Following this, if infrastructures are indeed ‘objects that create the grounds on which other objects operate’, with their ‘peculiar ontology’ pertaining to the fact that ‘they are things and also the relation between things’ (Larkin 2013: 329), how do then infrastructures – besides more commonly analysed economic, social and political relations (e.g. Graham and Marvin 2001; Graham and McFarlane 2015) – also intersect with possibilities of counting as human, as well as with relations of self? In what ways are they intertwined with intimacy that, as Puar (2017) puts it, is constituted ‘as an elaboration of the interior self’ that registers ‘affective tendencies – intensity, turbulence, chemistry, attraction, repulsion, sonic waves – betwixt and between human bodies, thus ordering and fixing these bodies along the genealogical grid’ (p. 163)?
Key to these modalities of order-making and affective tendencies of relatedness to, or separation from, the world (as, for instance, expressed in collectively shared visions of a ‘better life’, ‘progress’ or ‘development’), are infrastructure-mediated forms of politics. These are advanced by a modern state through infrastructure development (Barry 2001; Lesutis 2021; Von Schnitzler 2016). This techno-politics as a mode of governance is profoundly biopolitical; as I demonstrate in detail elsewhere (see Lesutis 2022d), mega-infrastructures make and unmake lifeworlds, in this way inscribing specific subjective dispositions within state’s biopolitics as infrastructure-based capacitation and control of national populations. In other words, infrastructures enable some subject groups, particularly those privileged in social hierarchies of the national body politic, to advance their lives, whilst simultaneously disavowing the lives of those already marginalised. Infrastructures, therefore, order how (im)possibilities of a liveable life unfold across space – specifically how they are attached to, or disentangled from, infrastructure systems that state or private actors build in their capital accumulation strategies.
How are human lives and intricacies of the social then mediated by techno-politics of infrastructure? How can infrastructure – as ‘both an object and rubric’ (Wilson 2016) – help us ‘understand the intimate operations of power in material, political-economic, and systemic terms’ (p. 273)? In what ways are affective tendencies of embodied connections to the world mediated through infrastructure? How does this mediation fix bodies into spatial grids of power, thus ordering possibilities of liveability?
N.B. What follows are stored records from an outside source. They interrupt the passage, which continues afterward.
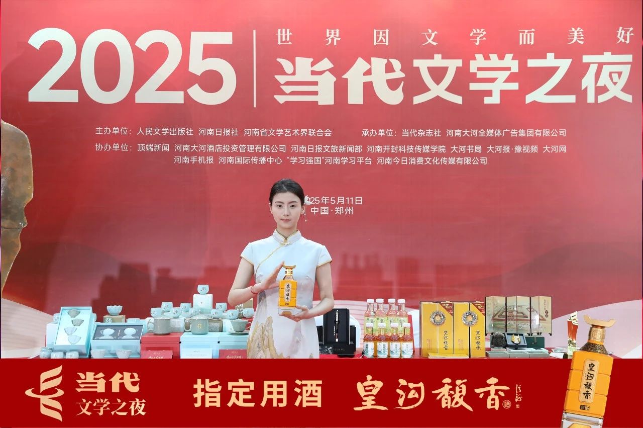 活动现场,名家新秀、读者书迷以文学的名义相聚绿城、深度对话,文学蓬勃的力量跃出字里行间。美酒美文化,美酒与文化相互交融,为这场文化盛宴增添了别样的色彩,皇沟馥香作为2025当代文学之夜指定用酒亮相活动现场,以深厚的文化底蕴与卓越的品质再次证明豫酒新势力标杆企业的不凡实力,为盛典添香增彩。
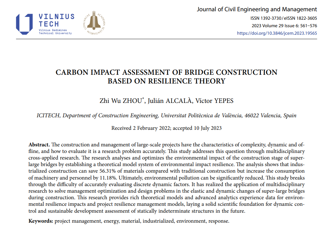 ZHOU, Z.; ALCALÁ, J.; YEPES, V. (2021). Environmental, economic and social impact assessment: study of bridges in China’s five major economic regions. International Journal of Environmental Research and Public Health, 18(1):122. DOI:10.3390/ijerph18010122
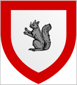 A grey squirrel on white with red border (Argent, a squirrel argent within a bordure gules) |
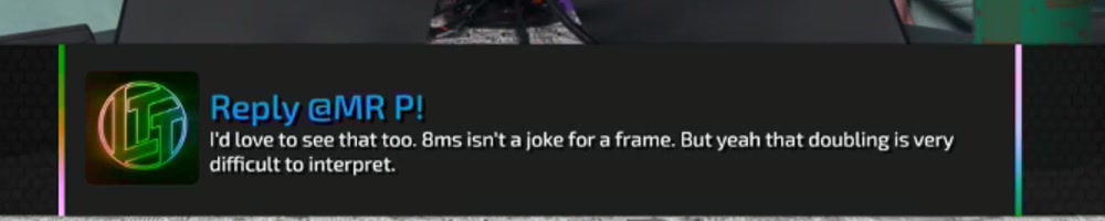 I'd love to see that too. 8ms isn't a joke for a frame. But yeah that doubling is very
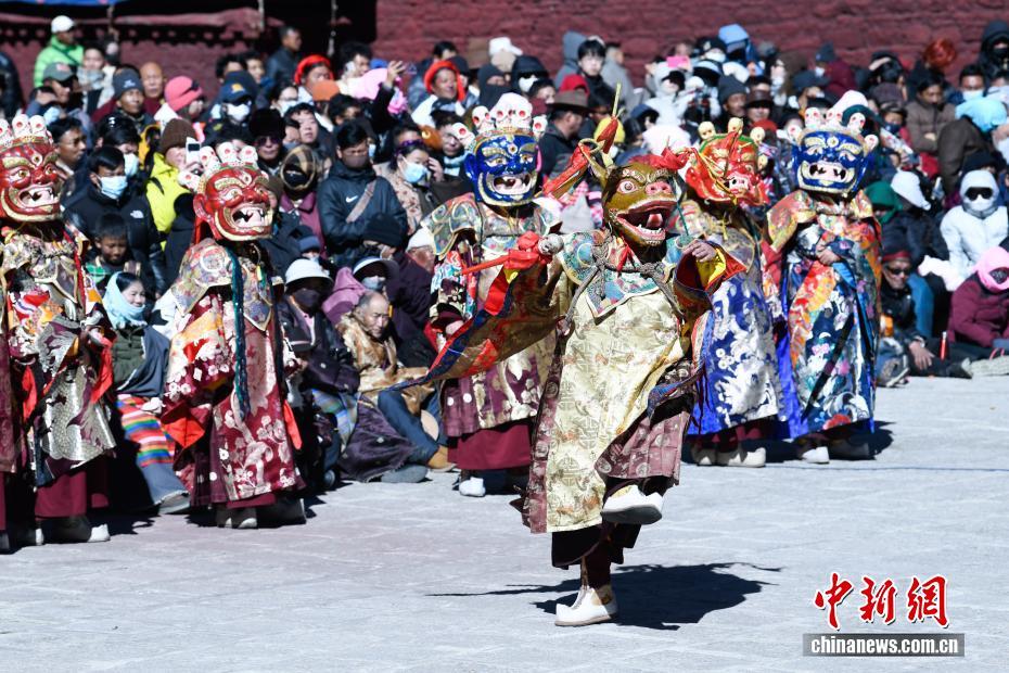 2月16日,西藏楚布寺舉行“羌姆”表演。當(dāng)日,是藏歷十二月二十九日,西藏楚布寺舉行“羌姆”表演迎藏歷新年。圖為楚布寺僧人們佩戴面具表演。中新社記者 貢嘎來松 攝
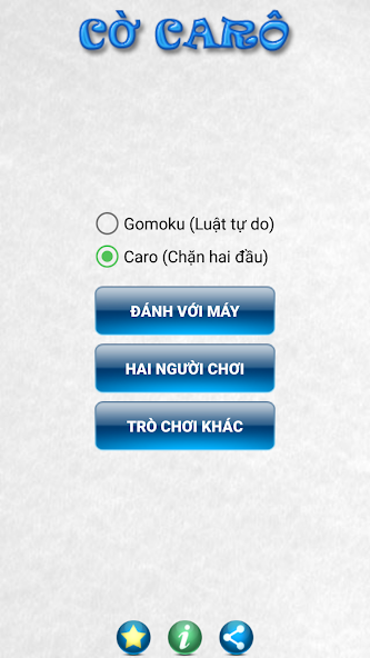 + caro(ブロックされたルール - ゴモクとも呼ばれ、ベトナム人の間で人気があります):勝者には、両端でブロックしてはならない5つの石のオーバーラインまたは壊れていない列が必要です。xooooooxとoxxxxxoは勝利ラインとしてカウントされません。
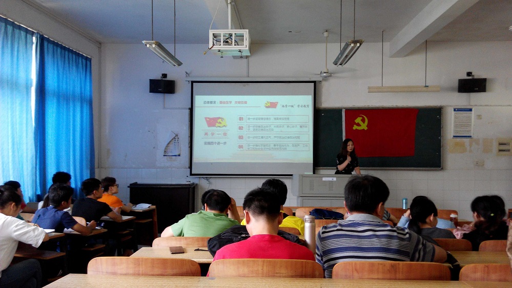 5月13日中午,亚洲无码人妻党总支在东方红校区文B102教室开展了“落实‘两学一做,争做‘五美’党员”的专题党课学习。党课由院党总支书记袁向荣主讲,全院师生党员参加了学习。
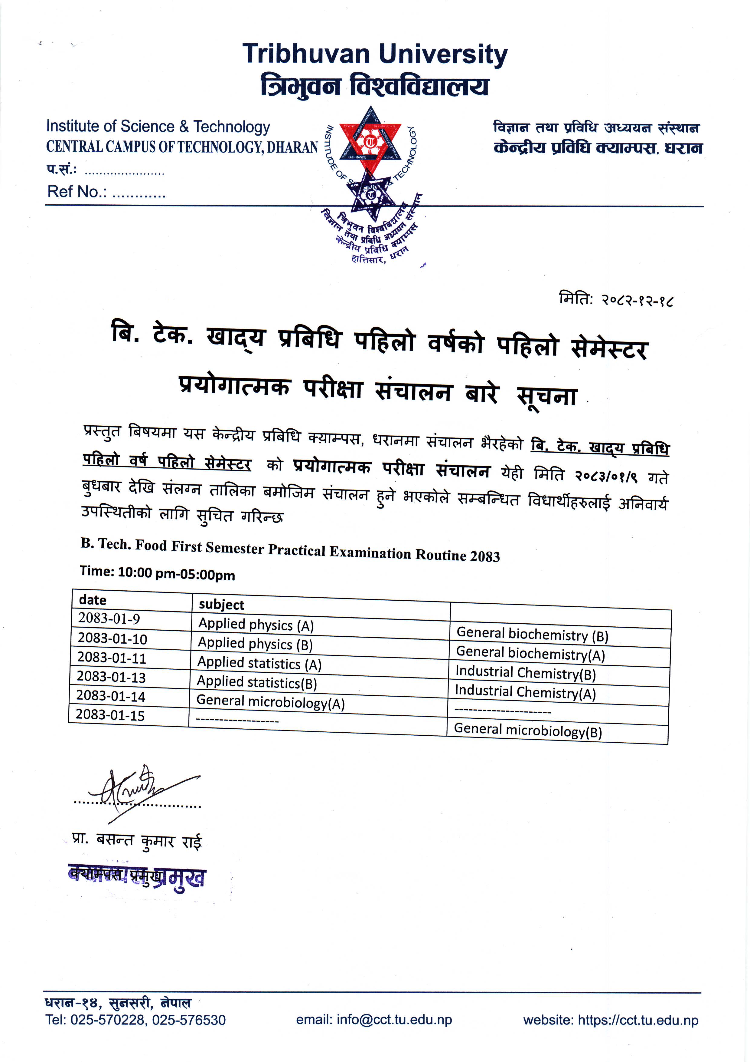 बि.टेक. खाद्य प्रविधि प्रथम वर्ष प्रथम शत्रको प्रयोगात्मक परिक्षा बारे सूचना ।

In the growing literature on embodied effects of infrastructure, the experiences of women 3 generally represent corporeal entanglements of infrastructure (e.g. Datta and Ahmed 2020; Truelove and Ruszczyk 2022; Truelove and O’Reilly 2021). Whilst these analyses register harmful intimacies of infrastructure, or the lack thereof, they, however, ought to be extended beyond the focus on women’s lives, especially if we aim to provide a fuller understanding of how infrastructure intersects with the social. This, for instance, concerns masculine experiences and expressions of gender as embodied, everyday effects of infrastructure that, besides a few exceptions (e.g. Chowdhury 2021), have been overlooked in critical infrastructure studies.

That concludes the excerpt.